The reachable area is bounded inside one trapped region.
Complexity Analysis
| Measure | Complexity | Explanation |
|---|---|---|
| Time | O(nm) | Each original-grid cell is processed at most once before either termination or rejection |
| Space | O(nm) | The visited table stores one coordinate pair per cell |
The grid contains at most 2.25 million cells, so linear complexity is necessary. The solution performs only constant work per reachable cell and fits comfortably within the limits.
Test Cases
# helper: run solution on input string, return output string
import sys
import io
def run(inp: str) -> str:
sys.stdin = io.StringIO(inp)
input = sys.stdin.readline
sys.setrecursionlimit(1 << 25)
n, m = map(int, input().split())
grid = []
sx = sy = -1
for i in range(n):
row = input().strip()
grid.append(row)
for j, ch in enumerate(row):
if ch == 'S':
sx, sy = i, j
visited = [[None] * m for _ in range(n)]
dirs = [(-1, 0), (1, 0), (0, -1), (0, 1)]
def dfs(x, y):
rx = x % n
ry = y % m
if grid[rx][ry] == '#':
return False
if visited[rx][ry] is not None:
px, py = visited[rx][ry]
if px != x or py != y:
return True
return False
visited[rx][ry] = (x, y)
for dx, dy in dirs:
if dfs(x + dx, y + dy):
return True
return False
return "Yes\n" if dfs(sx, sy) else "No\n"
# provided sample
assert run(
"""5 4
##.#
##S#
#..#
#.##
#..#
"""
) == "Yes\n", "sample 1"
# minimum grid
assert run(
"""1 1
S
"""
) == "Yes\n", "single open cell repeats forever"
# fully trapped
assert run(
"""3 3
###
#S#
###
"""
) == "No\n", "completely enclosed"
# corridor blocked between copies
assert run(
"""1 3
S##
"""
) == "No\n", "cannot cross tile boundary"
# open strip
assert run(
"""1 2
S.
"""
) == "Yes\n", "infinite horizontal movement"
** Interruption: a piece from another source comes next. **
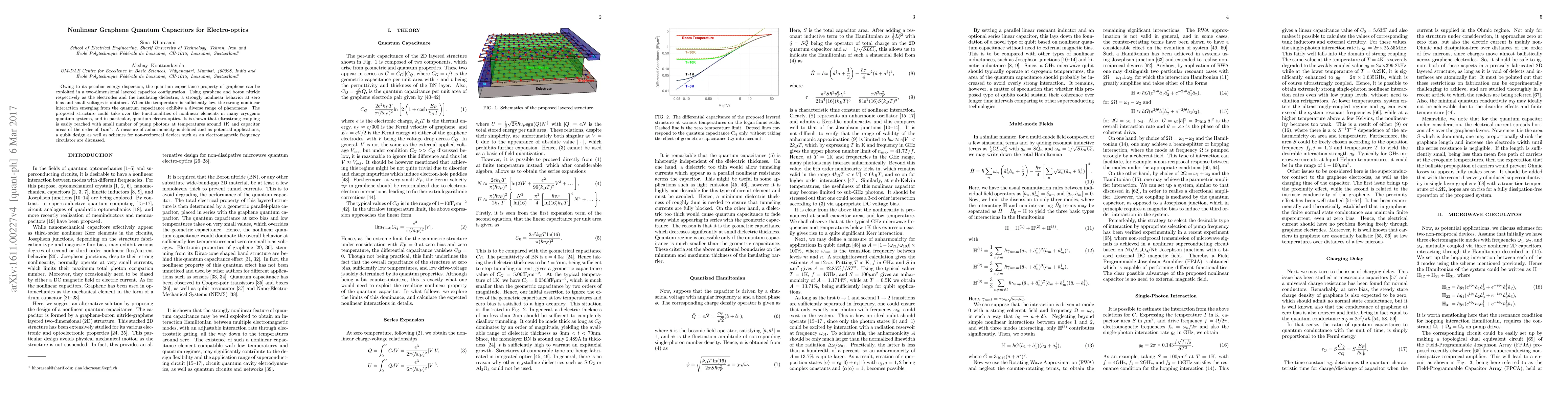 This research proposes a graphene quantum capacitor using graphene and boron nitride layers that exhibits strong nonlinear behavior at cryogenic temperatures, enabling functionalities in quantum electro-optics and potential applications in qubit design and non-reciprocal devices like frequency circulators. Ultrastrong coupling is achievable with a few pump photons in small areas of around $1\mu{\textrm{m}}^2$.

| Test input | Expected output | What it validates |
|---|---|---|
1x1 open grid |
Yes |
Re-entering the same tile through another copy |
| Fully enclosed start | No |
No reachable escape path |
S## |
No |
Crossing tile boundaries may still be impossible |
S. |
Yes |
Simple infinite translation case |
Edge Cases
Consider the smallest possible grid:
1 1
S
The single cell repeats infinitely in all directions. Starting from (0,0), moving up reaches (-1,0), which maps back to (0,0).
The algorithm first stores:
visited[0][0] = (0,0)
Later it reaches:
(-1,0)
which maps to the same tile cell but has different infinite coordinates. The algorithm correctly prints "Yes".
Now consider a trapped configuration:
3 3
###
#S#
###
The DFS explores only (1,1). Every neighboring cell is a wall after modulo mapping. No second infinite coordinate ever reaches the same tile cell, so traversal ends and the answer is "No".
Finally, consider wrapping through negative coordinates:
1 2
S.
Moving left from (0,0) gives (0,-1). Python computes:
-1 % 2 == 1
so the mapped position becomes (0,1), exactly the neighboring tile cell in the copy to the left.
Incorrect modulo handling would either crash or map to an invalid column, producing the wrong answer.